In July 2022, organisers of the race announced that they were applying to be added to the list of World Marathon Majors. Following two consecutive successful assessments as a candidate race, the marathon was elevated to the series on 4 November 2024, and ran its first race as a World Marathon Major on 31 August 2025. The 2025 Sydney Marathon produced the fastest times ever recorded in Australia in both the men's and women's events, with Hailemaryam Kiros beating the previous record set by Brimin Kipkorir in 2024 by 12 seconds, and Sifan Hassan beating Workenesh Edesa's 2024 time by over four minutes.

== Course ==

The marathon course initially followed the same course that was used in the 2000 Summer Olympics.

In 2010 the marathon course was changed to flatten it out which, according to the organisers, makes it "a faster, more scenic and spectator friendly course."

The marathon runs on a point-to-point course that begins in North Sydney, crosses over the Sydney Harbour Bridge, runs through Pyrmont and The Rocks, down Oxford Street and Anzac Parade towards Kingsford, before returning to the city via Moore Park and Centennial Park, ending in front of the Sydney Opera House.

== Other awards ==

To date, eight runners have competed in every Sydney Marathon, and have been dubbed "Blue Line Legends".

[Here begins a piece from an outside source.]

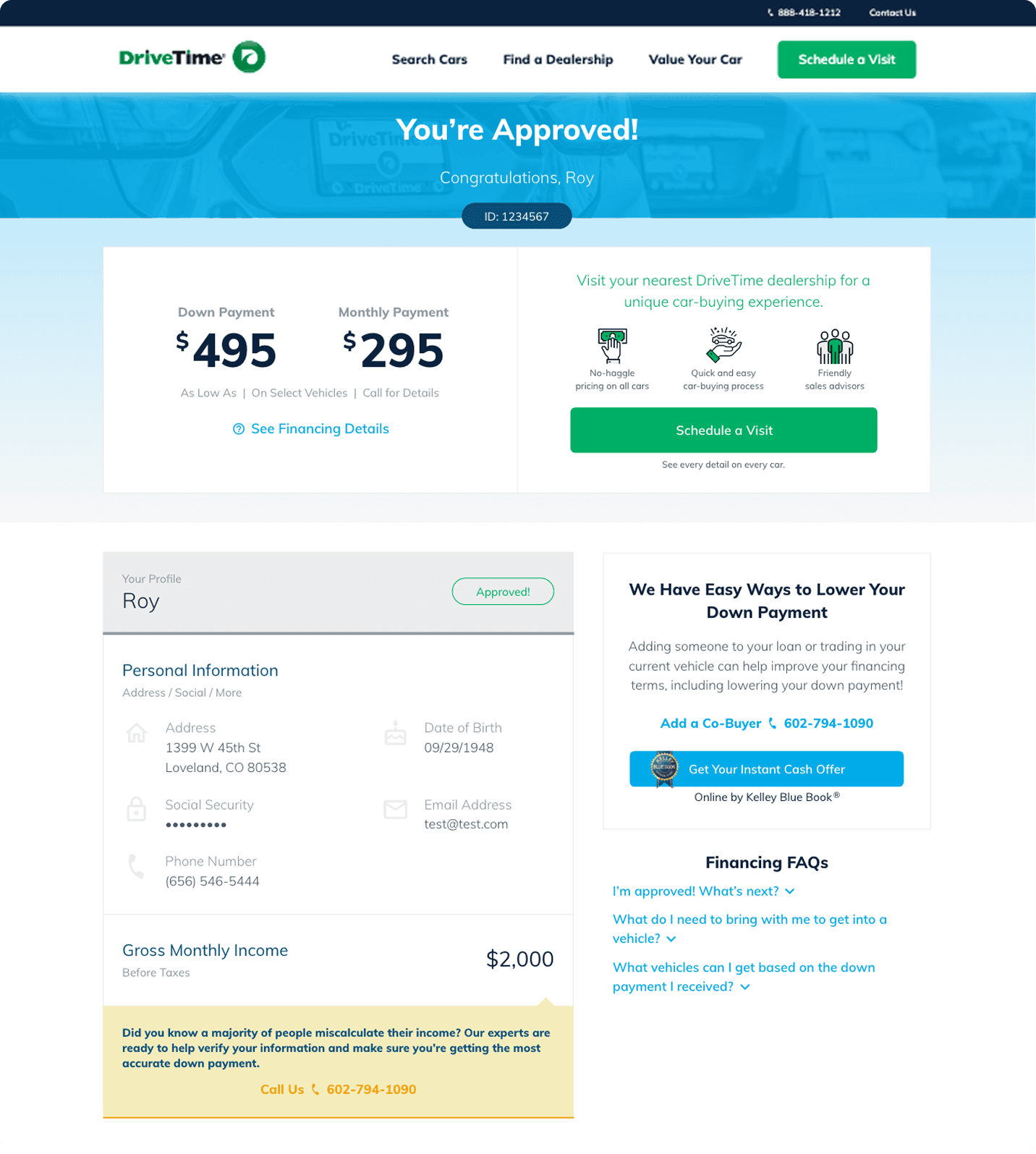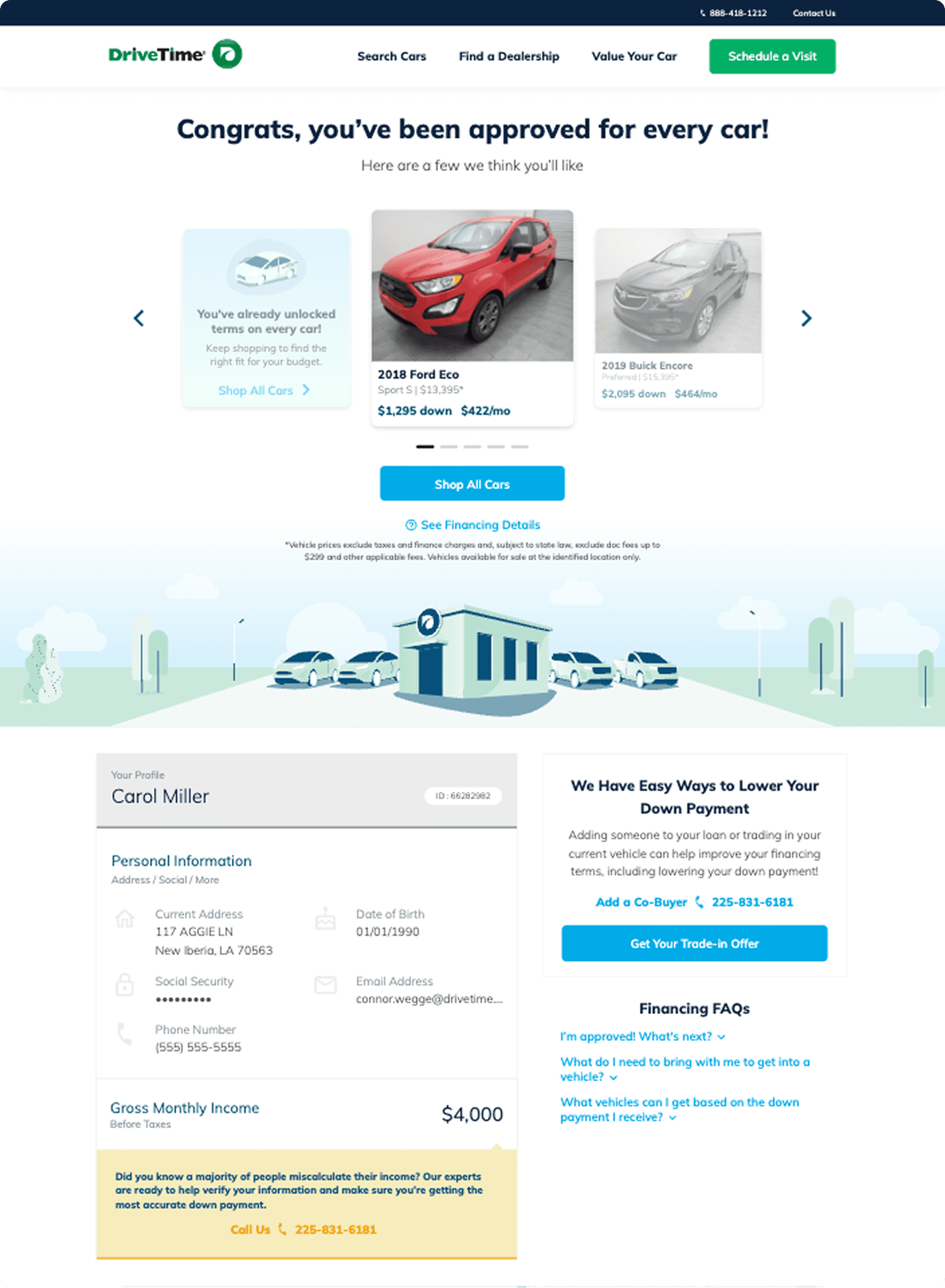 Redesigning the App Cert experience on DriveTime.com so a customer can see their personalized terms on every car.
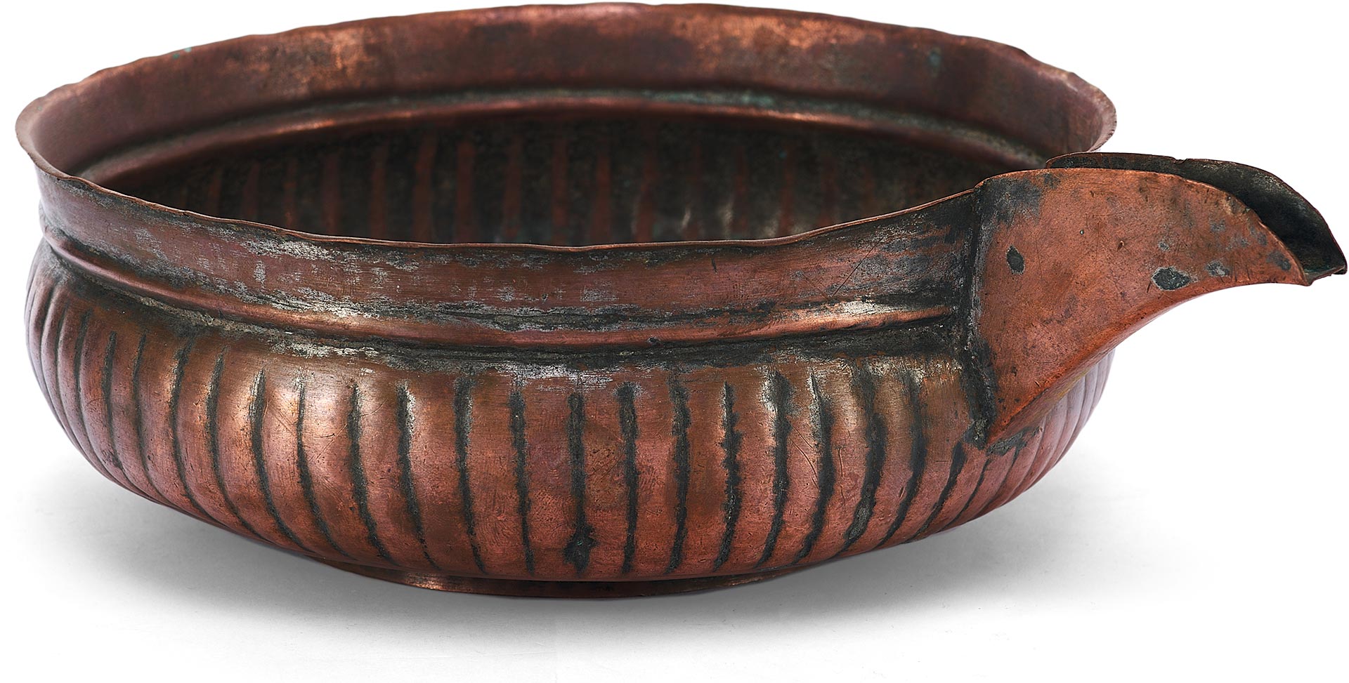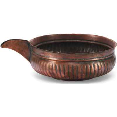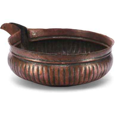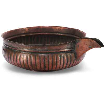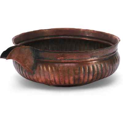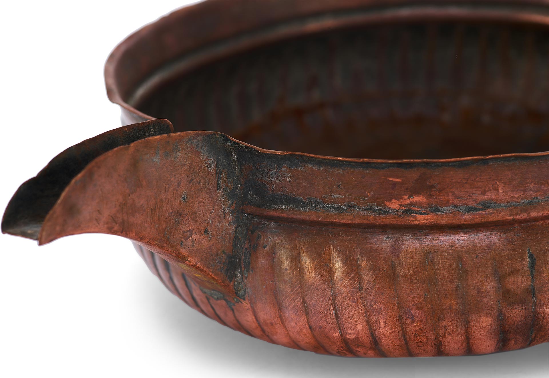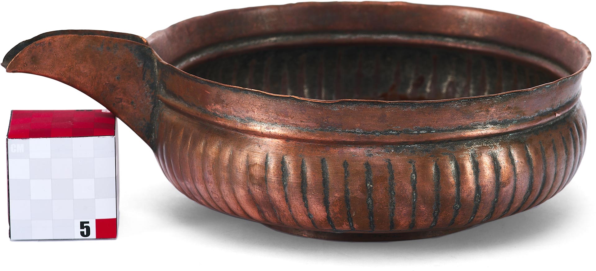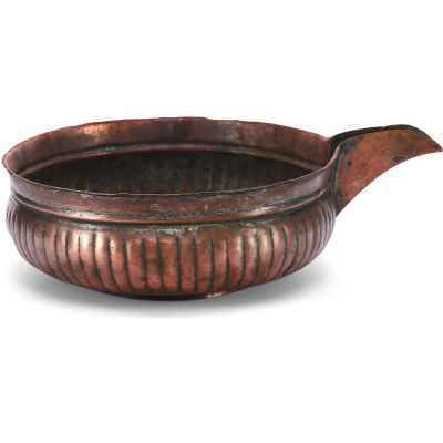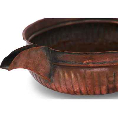 Ендова — традиционный русский сосуд округлой формы с широким горлом и носиком, служивший для разлива напитков во время пиршеств. Представленный экземпляр относится к XVIII веку и выполнен из медного сплава с применением техники штамповки. Характерной особенностью формы является оформление чаши с так называемой «разделкой ложками» — декоративным приёмом, характерным для древнерусского декоративно-прикладного искусства. Подобное оформление создавало ритмичную фактуру поверхности и свидетельствовало о мастерстве изготовителя.

In addition, runners who have completed at least 10 marathons are eligible to be inducted into the Bridge Club. (Note: The marathons do not have to be run on consecutive years.)

== Other races ==

In addition to the marathon, a 5 km "Mini Marathon" are also held as part of the event.
The "Mini Marathon" is run the day before the full marathon, and also finishes at the Sydney Opera House.

The event also featured a half marathon and a 10 km distance, which were last run in 2023 and 2025 respectively. Both distances were removed as part of Sydney's candidacy and eventual entry into the World Marathon Majors.